Work required
Retype word for word the stretch of entries below from the line that has "DLFASHION Scoop Neck" through the line that has "The tops, in", and omit the pictures.

Task data
+ + + +

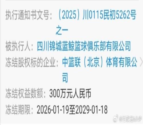 媒体人:四川男篮持有的CBA公司5%股权被法院冻结冻结期限为三年
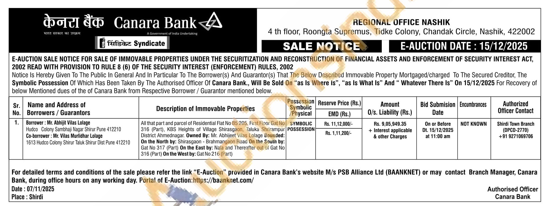 All that part and parcel of Residential Flat No B5 205, First Floor Gat No 316 (Part), KBS Heights of Village Shirasgaon, Taluka Shrirampur District Ahmednagar. Owned By: Mr. Abhijeet Vilas Lolage Bounded: On the North by: Shirasgaon - Brahmangaon Road On the South by: Gat No 317 (Part) On the East by: Nala and Thereafter out of Gat No 316 (Part) On the West by: Gat No 216 (Part)
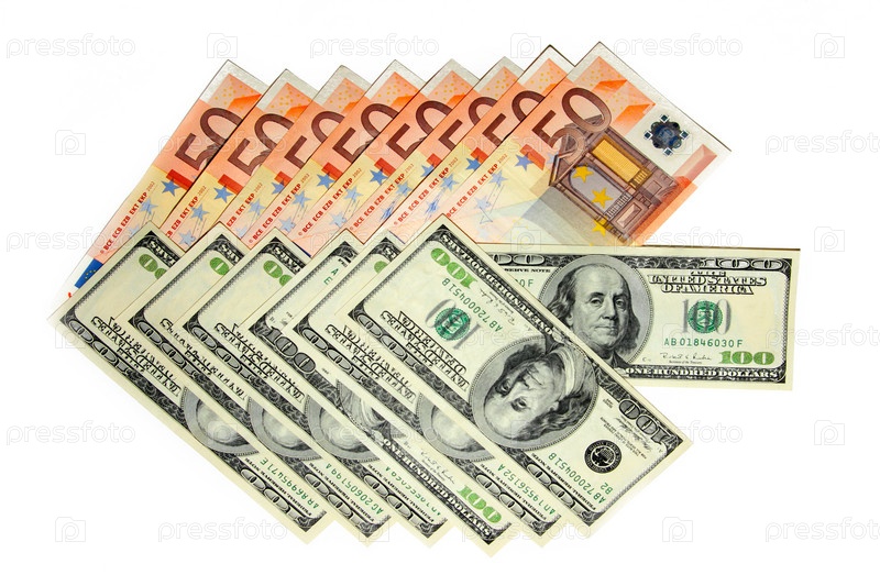 Несколько банкнот - американский доллар и евро
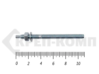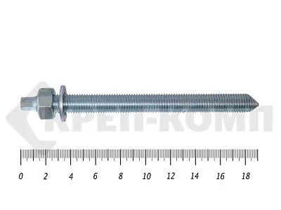 Анкер-шпилька применяется при сквозном монтаже различного оборудования. Она используется вместе с химическим крепежом, капсулой с клеевым составом или химической двух компонентной смеси из картриджа. Анкер-шпилька изготавливается из углеродистой или нержавеющей стали.
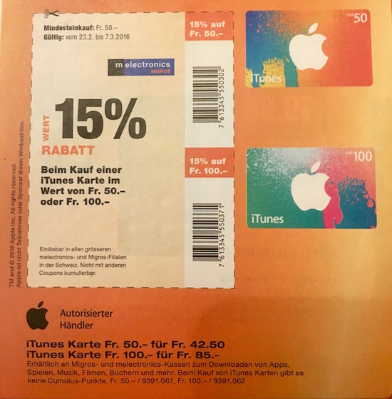 Und auch meine Leser in der Schweiz können sich über eine aktuelle iTunes-Aktion freuen. Bei unseren Nachbarn ist es Migros melectonics, wo man aktuell und noch bis zum 07. März sparen kann. Bei Vorlage des unten zu sehenden Bons erhält man dort 15% Rabatt beim Kauf einer iTunes-Karte im Wert von FR 50,- oder FR 100,-. (mit Dank an Thomas!)
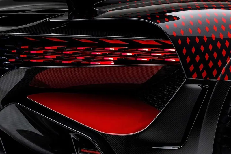 在车身细节上,布加迪Divo使用了黑色的车身空气动力学套件和黑红双色的轮圈来配合车漆的效果,而独特的尾灯在点亮时,投射到黑色车上的形状,也恰巧呼应了红色的菱形图案。
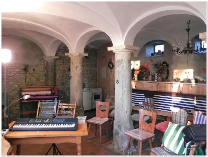 Наверх к туристкам, естественно, не пустил, но сопроводил в цокольный этаж, где у него обустроена музыкальная студия.
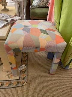 PAIR OF NEWLY UPHOLSTERED MULTICOLOR STRIE PATCHWORK BENCHES
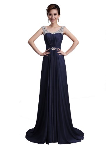 DLFASHION Scoop Neck Sweep Train Beaded Chiffon Prom Dress
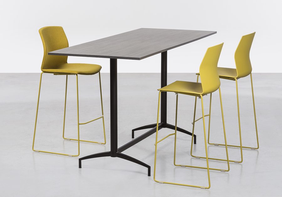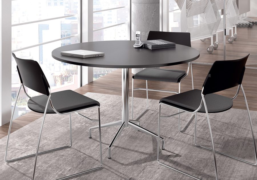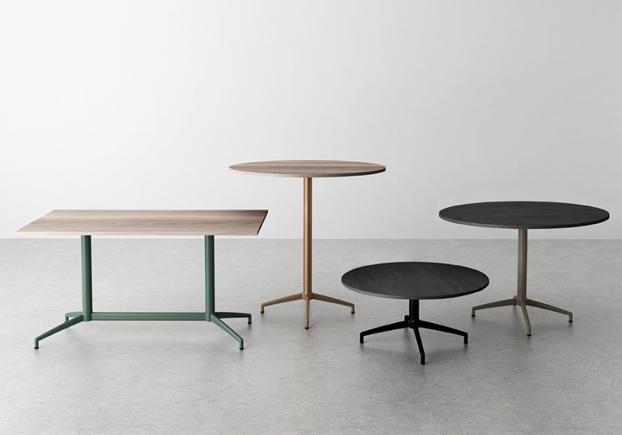 The tops, in customizable material and thickness, are supported by steel columns and a four-star aluminium base. The base has the resistance and lightness of injected aluminium, making these desks tremendously hardwearing and easy to transport.
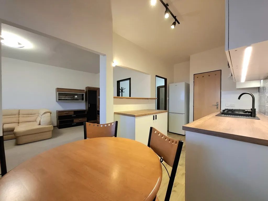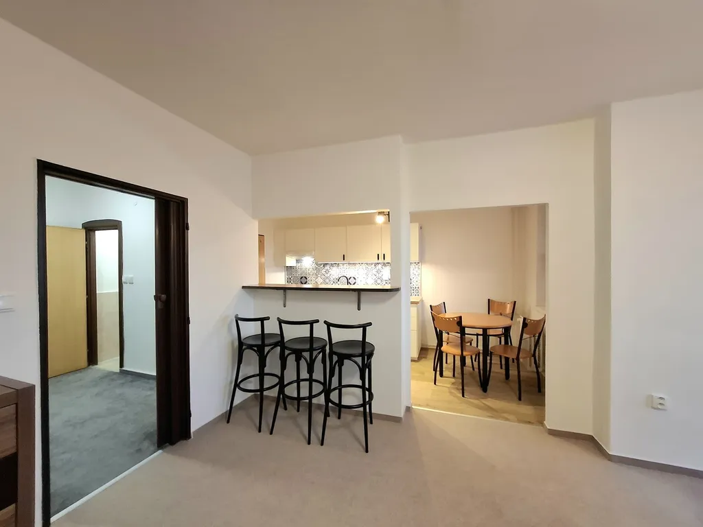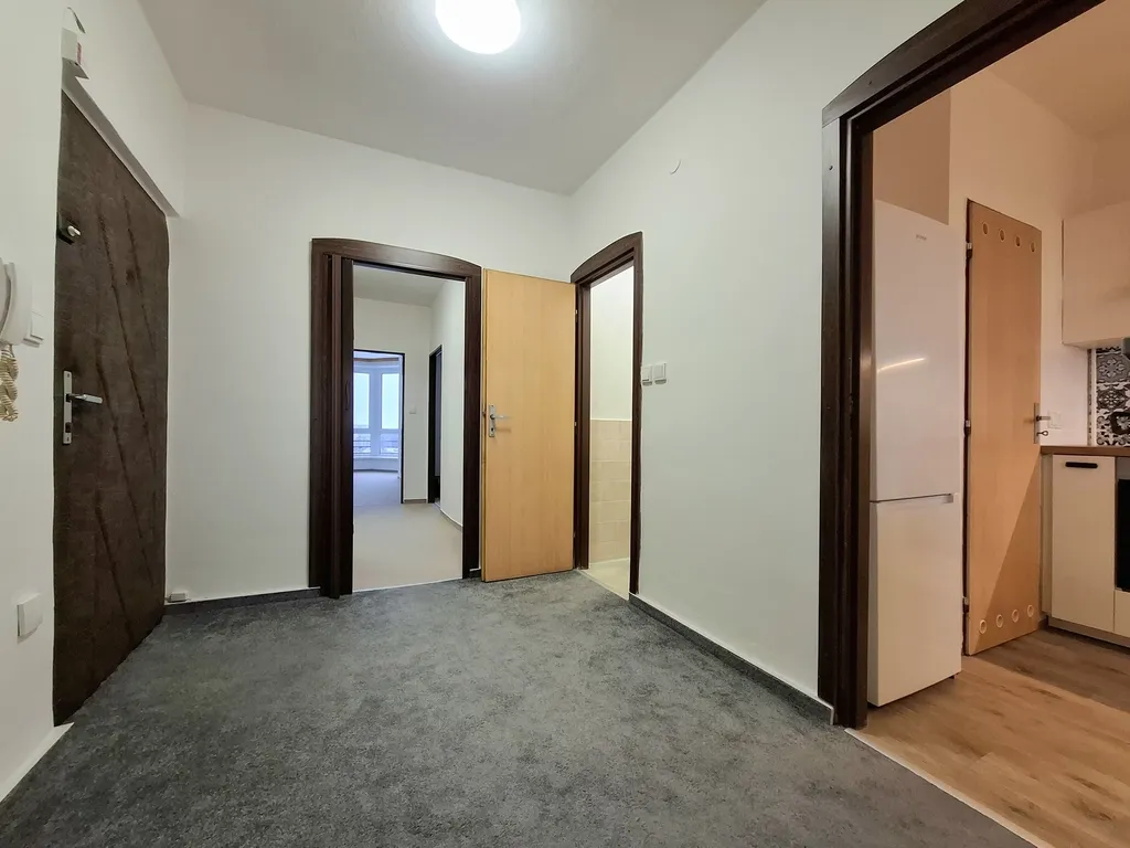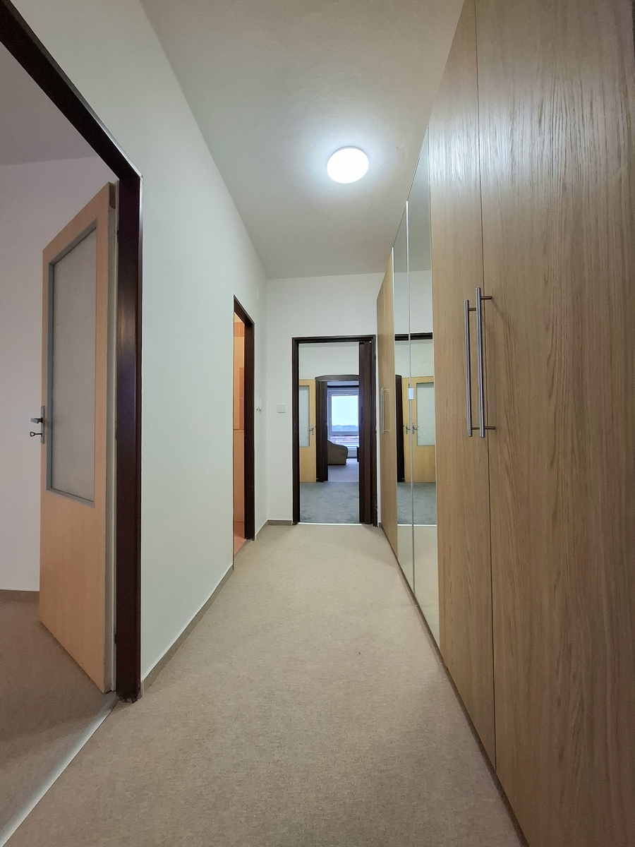Vybavení: Byt se pronajímá částečně vybavený. Kuchyně disponuje všemi potřebnými spotřebiči (lednice, trouba, myčka). K dispozici je i pračka. V předsíni oceníte velkou vestavěnou skříň s dostatkem úložného prostoru. V obývacím pokoji je pohovka, křeslo, konferenční stůl, komoda a skříňky.

+ + + +

Written reply
 DLFASHION Scoop Neck Sweep Train Beaded Chiffon Prom Dress
 The tops, in customizable material and thickness, are supported by steel columns and a four-star aluminium base. The base has the resistance and lightness of injected aluminium, making these desks tremendously hardwearing and easy to transport.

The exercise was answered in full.